→ **What to do**
Set down, word for word, every line of the material below from the one containing "This Plush Ottoman" through the one containing "In her next", but none of its pictures.

→ **Data for this task**
====================
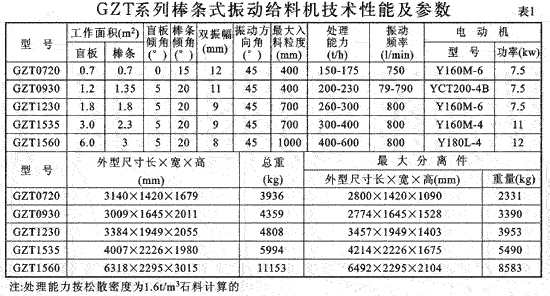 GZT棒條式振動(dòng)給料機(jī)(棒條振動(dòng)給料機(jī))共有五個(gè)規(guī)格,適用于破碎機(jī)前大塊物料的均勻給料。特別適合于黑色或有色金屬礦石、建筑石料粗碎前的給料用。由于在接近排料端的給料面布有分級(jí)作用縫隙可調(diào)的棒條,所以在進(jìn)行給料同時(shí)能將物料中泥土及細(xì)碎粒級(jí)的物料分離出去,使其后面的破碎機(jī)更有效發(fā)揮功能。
====================
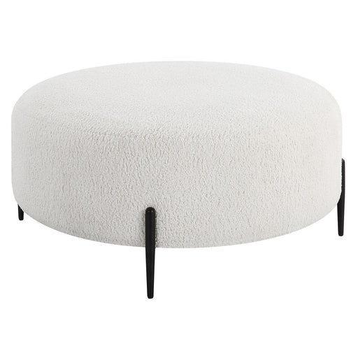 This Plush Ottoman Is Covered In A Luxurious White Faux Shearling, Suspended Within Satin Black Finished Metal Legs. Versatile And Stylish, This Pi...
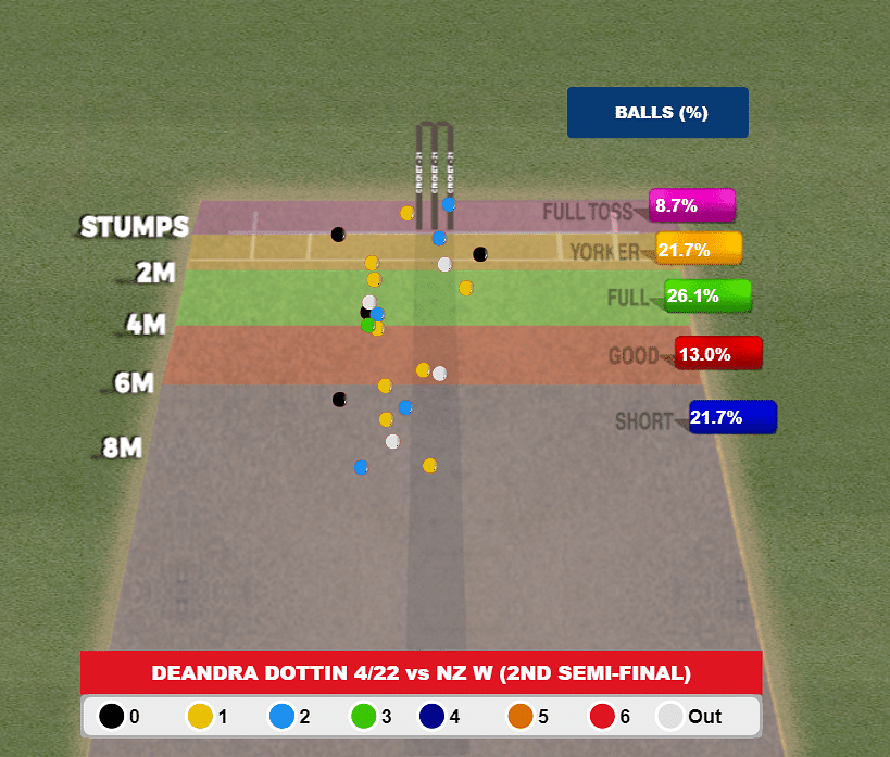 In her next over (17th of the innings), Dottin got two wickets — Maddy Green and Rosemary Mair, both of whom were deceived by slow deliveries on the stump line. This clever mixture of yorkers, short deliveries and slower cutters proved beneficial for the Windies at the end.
====================
→ **Reply to the task**
 This Plush Ottoman Is Covered In A Luxurious White Faux Shearling, Suspended Within Satin Black Finished Metal Legs. Versatile And Stylish, This Pi...
 In her next over (17th of the innings), Dottin got two wickets — Maddy Green and Rosemary Mair, both of whom were deceived by slow deliveries on the stump line. This clever mixture of yorkers, short deliveries and slower cutters proved beneficial for the Windies at the end.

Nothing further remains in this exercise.